> _What you need to do_: A faithful copy of the whole listing is required, with nothing left out.
___ Supplied data
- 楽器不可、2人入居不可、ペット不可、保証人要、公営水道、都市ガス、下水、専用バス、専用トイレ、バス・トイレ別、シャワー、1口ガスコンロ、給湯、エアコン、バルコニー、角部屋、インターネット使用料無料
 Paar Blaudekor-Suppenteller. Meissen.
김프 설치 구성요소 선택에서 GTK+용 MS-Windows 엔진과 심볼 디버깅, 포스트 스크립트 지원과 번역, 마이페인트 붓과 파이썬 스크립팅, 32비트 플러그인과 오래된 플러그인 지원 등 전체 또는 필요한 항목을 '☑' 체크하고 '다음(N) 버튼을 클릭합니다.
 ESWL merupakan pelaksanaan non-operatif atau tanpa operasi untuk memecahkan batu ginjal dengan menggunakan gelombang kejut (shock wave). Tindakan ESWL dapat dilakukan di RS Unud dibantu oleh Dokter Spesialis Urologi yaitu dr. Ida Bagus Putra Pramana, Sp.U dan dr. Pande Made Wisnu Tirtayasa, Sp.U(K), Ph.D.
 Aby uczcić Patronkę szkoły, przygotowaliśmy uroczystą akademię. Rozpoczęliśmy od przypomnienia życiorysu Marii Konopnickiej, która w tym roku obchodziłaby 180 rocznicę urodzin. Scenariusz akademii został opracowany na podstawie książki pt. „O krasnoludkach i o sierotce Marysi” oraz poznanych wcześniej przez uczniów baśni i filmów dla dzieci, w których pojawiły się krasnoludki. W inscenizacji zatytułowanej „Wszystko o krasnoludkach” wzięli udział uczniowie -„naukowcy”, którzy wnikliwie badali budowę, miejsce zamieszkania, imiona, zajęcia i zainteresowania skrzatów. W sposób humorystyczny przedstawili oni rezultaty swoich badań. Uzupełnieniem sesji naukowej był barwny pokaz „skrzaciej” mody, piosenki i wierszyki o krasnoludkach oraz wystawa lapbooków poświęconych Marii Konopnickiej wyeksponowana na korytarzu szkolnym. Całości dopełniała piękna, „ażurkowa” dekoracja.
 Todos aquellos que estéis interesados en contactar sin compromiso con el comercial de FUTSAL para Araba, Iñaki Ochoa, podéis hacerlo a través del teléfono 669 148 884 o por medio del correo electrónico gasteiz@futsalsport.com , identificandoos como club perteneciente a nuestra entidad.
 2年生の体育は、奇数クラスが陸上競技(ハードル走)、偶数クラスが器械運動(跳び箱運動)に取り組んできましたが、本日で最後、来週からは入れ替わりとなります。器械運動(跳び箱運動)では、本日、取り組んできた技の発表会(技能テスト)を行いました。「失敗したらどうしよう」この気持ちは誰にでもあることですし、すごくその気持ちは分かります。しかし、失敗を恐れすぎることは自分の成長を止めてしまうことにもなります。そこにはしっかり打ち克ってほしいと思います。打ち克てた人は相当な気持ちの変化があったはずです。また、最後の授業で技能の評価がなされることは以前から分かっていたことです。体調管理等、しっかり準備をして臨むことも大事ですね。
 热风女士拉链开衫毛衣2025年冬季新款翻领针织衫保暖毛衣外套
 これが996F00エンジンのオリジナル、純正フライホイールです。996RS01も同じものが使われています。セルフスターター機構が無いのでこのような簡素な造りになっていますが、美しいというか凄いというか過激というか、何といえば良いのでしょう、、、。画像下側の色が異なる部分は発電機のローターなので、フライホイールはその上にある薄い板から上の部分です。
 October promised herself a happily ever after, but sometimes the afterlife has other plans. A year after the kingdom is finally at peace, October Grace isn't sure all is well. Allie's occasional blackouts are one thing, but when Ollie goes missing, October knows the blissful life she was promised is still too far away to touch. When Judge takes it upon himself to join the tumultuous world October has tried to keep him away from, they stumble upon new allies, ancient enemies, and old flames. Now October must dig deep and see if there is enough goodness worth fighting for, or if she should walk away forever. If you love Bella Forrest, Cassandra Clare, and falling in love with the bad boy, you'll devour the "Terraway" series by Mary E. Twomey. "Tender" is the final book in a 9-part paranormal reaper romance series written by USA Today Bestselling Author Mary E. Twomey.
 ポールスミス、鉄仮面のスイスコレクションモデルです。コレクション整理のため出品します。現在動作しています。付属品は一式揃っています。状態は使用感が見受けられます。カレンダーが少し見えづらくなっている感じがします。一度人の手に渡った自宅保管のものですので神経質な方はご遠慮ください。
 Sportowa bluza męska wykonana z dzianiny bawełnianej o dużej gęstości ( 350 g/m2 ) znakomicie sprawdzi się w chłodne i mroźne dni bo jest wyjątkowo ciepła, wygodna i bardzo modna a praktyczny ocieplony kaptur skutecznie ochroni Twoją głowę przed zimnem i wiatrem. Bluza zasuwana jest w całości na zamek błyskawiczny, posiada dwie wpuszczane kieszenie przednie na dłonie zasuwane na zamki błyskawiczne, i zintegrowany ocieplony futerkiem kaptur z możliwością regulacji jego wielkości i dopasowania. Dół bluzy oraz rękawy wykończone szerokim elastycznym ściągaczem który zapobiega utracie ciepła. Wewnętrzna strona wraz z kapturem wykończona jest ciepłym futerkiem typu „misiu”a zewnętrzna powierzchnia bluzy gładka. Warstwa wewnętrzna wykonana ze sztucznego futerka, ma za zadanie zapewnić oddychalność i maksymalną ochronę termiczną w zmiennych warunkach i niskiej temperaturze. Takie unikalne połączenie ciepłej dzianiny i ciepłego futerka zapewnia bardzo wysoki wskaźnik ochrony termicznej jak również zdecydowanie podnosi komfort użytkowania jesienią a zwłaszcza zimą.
______
> _Response_:
- 楽器不可、2人入居不可、ペット不可、保証人要、公営水道、都市ガス、下水、専用バス、専用トイレ、バス・トイレ別、シャワー、1口ガスコンロ、給湯、エアコン、バルコニー、角部屋、インターネット使用料無料
 Paar Blaudekor-Suppenteller. Meissen.
김프 설치 구성요소 선택에서 GTK+용 MS-Windows 엔진과 심볼 디버깅, 포스트 스크립트 지원과 번역, 마이페인트 붓과 파이썬 스크립팅, 32비트 플러그인과 오래된 플러그인 지원 등 전체 또는 필요한 항목을 '☑' 체크하고 '다음(N) 버튼을 클릭합니다.
 ESWL merupakan pelaksanaan non-operatif atau tanpa operasi untuk memecahkan batu ginjal dengan menggunakan gelombang kejut (shock wave). Tindakan ESWL dapat dilakukan di RS Unud dibantu oleh Dokter Spesialis Urologi yaitu dr. Ida Bagus Putra Pramana, Sp.U dan dr. Pande Made Wisnu Tirtayasa, Sp.U(K), Ph.D.
 Aby uczcić Patronkę szkoły, przygotowaliśmy uroczystą akademię. Rozpoczęliśmy od przypomnienia życiorysu Marii Konopnickiej, która w tym roku obchodziłaby 180 rocznicę urodzin. Scenariusz akademii został opracowany na podstawie książki pt. „O krasnoludkach i o sierotce Marysi” oraz poznanych wcześniej przez uczniów baśni i filmów dla dzieci, w których pojawiły się krasnoludki. W inscenizacji zatytułowanej „Wszystko o krasnoludkach” wzięli udział uczniowie -„naukowcy”, którzy wnikliwie badali budowę, miejsce zamieszkania, imiona, zajęcia i zainteresowania skrzatów. W sposób humorystyczny przedstawili oni rezultaty swoich badań. Uzupełnieniem sesji naukowej był barwny pokaz „skrzaciej” mody, piosenki i wierszyki o krasnoludkach oraz wystawa lapbooków poświęconych Marii Konopnickiej wyeksponowana na korytarzu szkolnym. Całości dopełniała piękna, „ażurkowa” dekoracja.
 Todos aquellos que estéis interesados en contactar sin compromiso con el comercial de FUTSAL para Araba, Iñaki Ochoa, podéis hacerlo a través del teléfono 669 148 884 o por medio del correo electrónico gasteiz@futsalsport.com , identificandoos como club perteneciente a nuestra entidad.
 2年生の体育は、奇数クラスが陸上競技(ハードル走)、偶数クラスが器械運動(跳び箱運動)に取り組んできましたが、本日で最後、来週からは入れ替わりとなります。器械運動(跳び箱運動)では、本日、取り組んできた技の発表会(技能テスト)を行いました。「失敗したらどうしよう」この気持ちは誰にでもあることですし、すごくその気持ちは分かります。しかし、失敗を恐れすぎることは自分の成長を止めてしまうことにもなります。そこにはしっかり打ち克ってほしいと思います。打ち克てた人は相当な気持ちの変化があったはずです。また、最後の授業で技能の評価がなされることは以前から分かっていたことです。体調管理等、しっかり準備をして臨むことも大事ですね。
 热风女士拉链开衫毛衣2025年冬季新款翻领针织衫保暖毛衣外套
 これが996F00エンジンのオリジナル、純正フライホイールです。996RS01も同じものが使われています。セルフスターター機構が無いのでこのような簡素な造りになっていますが、美しいというか凄いというか過激というか、何といえば良いのでしょう、、、。画像下側の色が異なる部分は発電機のローターなので、フライホイールはその上にある薄い板から上の部分です。
 October promised herself a happily ever after, but sometimes the afterlife has other plans. A year after the kingdom is finally at peace, October Grace isn't sure all is well. Allie's occasional blackouts are one thing, but when Ollie goes missing, October knows the blissful life she was promised is still too far away to touch. When Judge takes it upon himself to join the tumultuous world October has tried to keep him away from, they stumble upon new allies, ancient enemies, and old flames. Now October must dig deep and see if there is enough goodness worth fighting for, or if she should walk away forever. If you love Bella Forrest, Cassandra Clare, and falling in love with the bad boy, you'll devour the "Terraway" series by Mary E. Twomey. "Tender" is the final book in a 9-part paranormal reaper romance series written by USA Today Bestselling Author Mary E. Twomey.
 ポールスミス、鉄仮面のスイスコレクションモデルです。コレクション整理のため出品します。現在動作しています。付属品は一式揃っています。状態は使用感が見受けられます。カレンダーが少し見えづらくなっている感じがします。一度人の手に渡った自宅保管のものですので神経質な方はご遠慮ください。
 Sportowa bluza męska wykonana z dzianiny bawełnianej o dużej gęstości ( 350 g/m2 ) znakomicie sprawdzi się w chłodne i mroźne dni bo jest wyjątkowo ciepła, wygodna i bardzo modna a praktyczny ocieplony kaptur skutecznie ochroni Twoją głowę przed zimnem i wiatrem. Bluza zasuwana jest w całości na zamek błyskawiczny, posiada dwie wpuszczane kieszenie przednie na dłonie zasuwane na zamki błyskawiczne, i zintegrowany ocieplony futerkiem kaptur z możliwością regulacji jego wielkości i dopasowania. Dół bluzy oraz rękawy wykończone szerokim elastycznym ściągaczem który zapobiega utracie ciepła. Wewnętrzna strona wraz z kapturem wykończona jest ciepłym futerkiem typu „misiu”a zewnętrzna powierzchnia bluzy gładka. Warstwa wewnętrzna wykonana ze sztucznego futerka, ma za zadanie zapewnić oddychalność i maksymalną ochronę termiczną w zmiennych warunkach i niskiej temperaturze. Takie unikalne połączenie ciepłej dzianiny i ciepłego futerka zapewnia bardzo wysoki wskaźnik ochrony termicznej jak również zdecydowanie podnosi komfort użytkowania jesienią a zwłaszcza zimą.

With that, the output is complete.